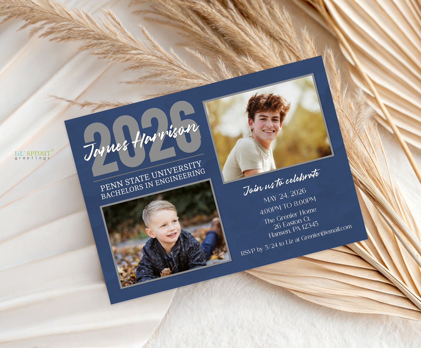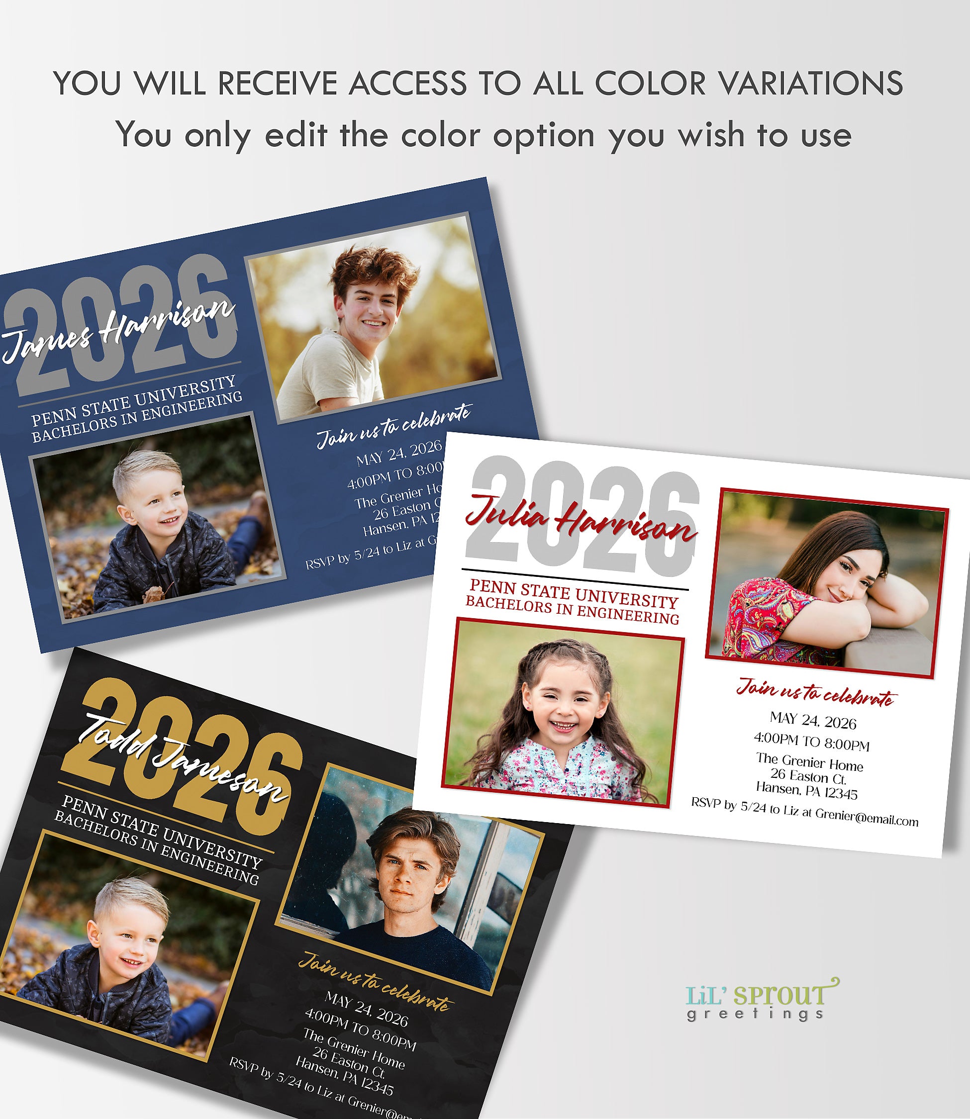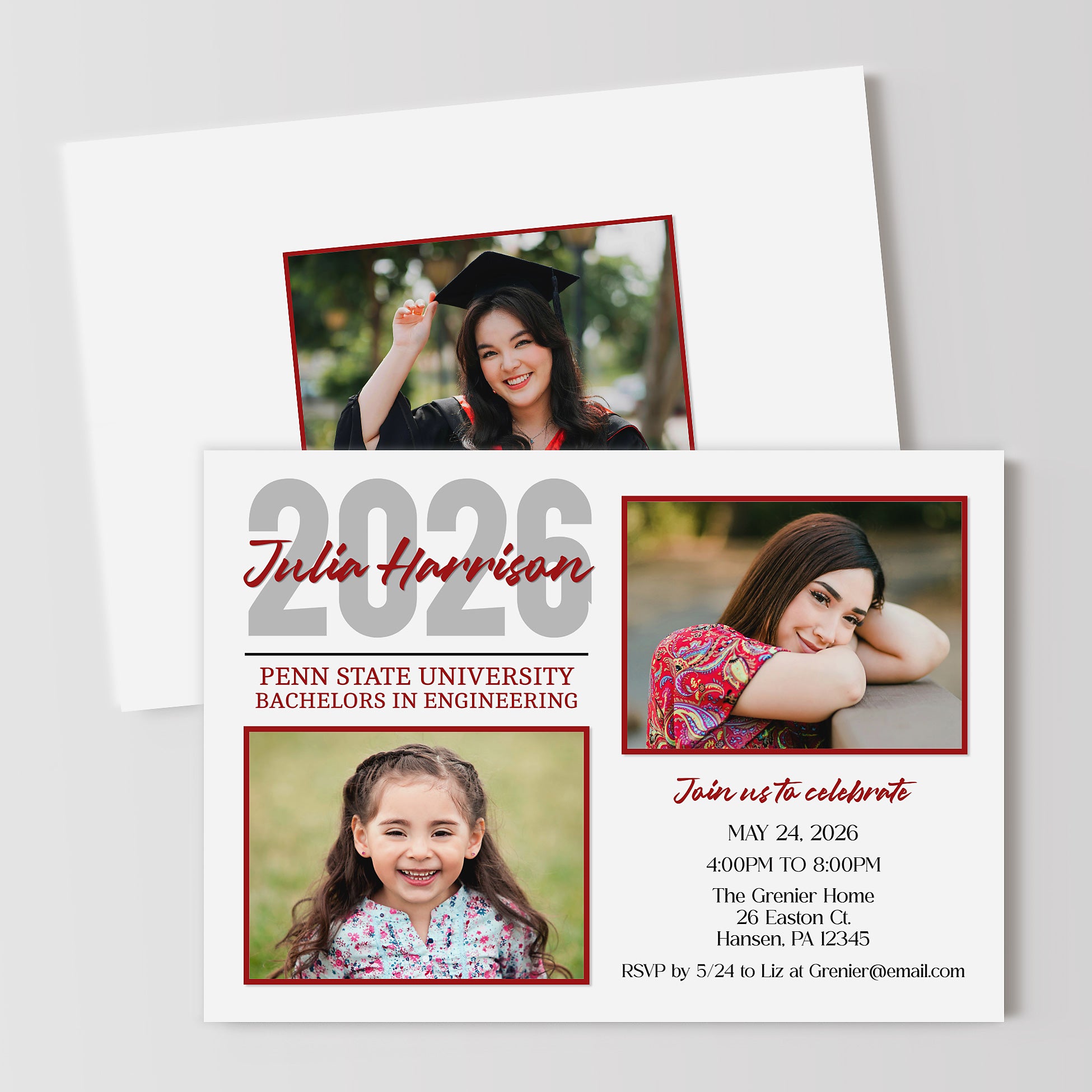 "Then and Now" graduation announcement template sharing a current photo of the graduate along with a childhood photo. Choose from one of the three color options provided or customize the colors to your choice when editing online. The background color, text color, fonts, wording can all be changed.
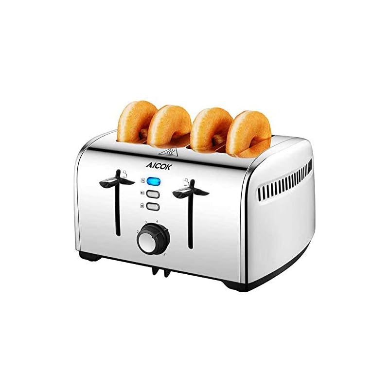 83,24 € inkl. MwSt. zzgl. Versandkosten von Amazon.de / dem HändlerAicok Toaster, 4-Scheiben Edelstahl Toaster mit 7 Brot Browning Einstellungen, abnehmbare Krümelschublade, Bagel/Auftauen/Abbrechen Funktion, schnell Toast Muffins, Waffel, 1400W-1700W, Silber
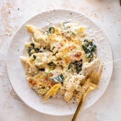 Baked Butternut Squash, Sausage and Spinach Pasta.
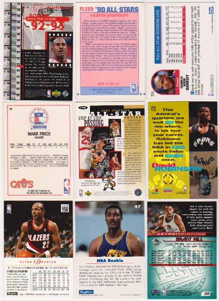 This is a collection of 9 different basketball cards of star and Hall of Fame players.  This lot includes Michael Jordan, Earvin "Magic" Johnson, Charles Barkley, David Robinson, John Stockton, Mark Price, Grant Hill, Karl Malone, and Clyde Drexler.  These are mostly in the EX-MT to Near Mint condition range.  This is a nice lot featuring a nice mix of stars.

──────────

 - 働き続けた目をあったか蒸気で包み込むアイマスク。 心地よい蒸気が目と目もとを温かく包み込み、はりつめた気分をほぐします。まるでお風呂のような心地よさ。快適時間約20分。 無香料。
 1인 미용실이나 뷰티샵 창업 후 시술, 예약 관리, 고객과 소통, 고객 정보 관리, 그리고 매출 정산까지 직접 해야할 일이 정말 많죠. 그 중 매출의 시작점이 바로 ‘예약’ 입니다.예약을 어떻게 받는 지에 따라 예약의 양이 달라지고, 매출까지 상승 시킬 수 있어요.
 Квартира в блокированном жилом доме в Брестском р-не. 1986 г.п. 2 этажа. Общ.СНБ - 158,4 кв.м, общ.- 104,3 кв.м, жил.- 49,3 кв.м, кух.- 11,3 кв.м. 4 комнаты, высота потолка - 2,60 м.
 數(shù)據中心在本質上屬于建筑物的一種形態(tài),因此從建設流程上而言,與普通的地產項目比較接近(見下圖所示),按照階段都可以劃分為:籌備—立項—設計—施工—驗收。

──────────

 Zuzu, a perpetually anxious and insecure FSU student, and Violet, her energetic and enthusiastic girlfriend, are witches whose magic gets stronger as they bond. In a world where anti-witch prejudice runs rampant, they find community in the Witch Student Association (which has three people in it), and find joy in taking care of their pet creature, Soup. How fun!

──────────

◆ **Exercise objective**: In the listing above, find the line containing "all be changed." and the line containing "This is a collection". Print those two lines and every line between them exactly, with no pictures.

◆ **Task answer**:
 "Then and Now" graduation announcement template sharing a current photo of the graduate along with a childhood photo. Choose from one of the three color options provided or customize the colors to your choice when editing online. The background color, text color, fonts, wording can all be changed.
 83,24 € inkl. MwSt. zzgl. Versandkosten von Amazon.de / dem HändlerAicok Toaster, 4-Scheiben Edelstahl Toaster mit 7 Brot Browning Einstellungen, abnehmbare Krümelschublade, Bagel/Auftauen/Abbrechen Funktion, schnell Toast Muffins, Waffel, 1400W-1700W, Silber
 Baked Butternut Squash, Sausage and Spinach Pasta.
 This is a collection of 9 different basketball cards of star and Hall of Fame players.  This lot includes Michael Jordan, Earvin "Magic" Johnson, Charles Barkley, David Robinson, John Stockton, Mark Price, Grant Hill, Karl Malone, and Clyde Drexler.  These are mostly in the EX-MT to Near Mint condition range.  This is a nice lot featuring a nice mix of stars.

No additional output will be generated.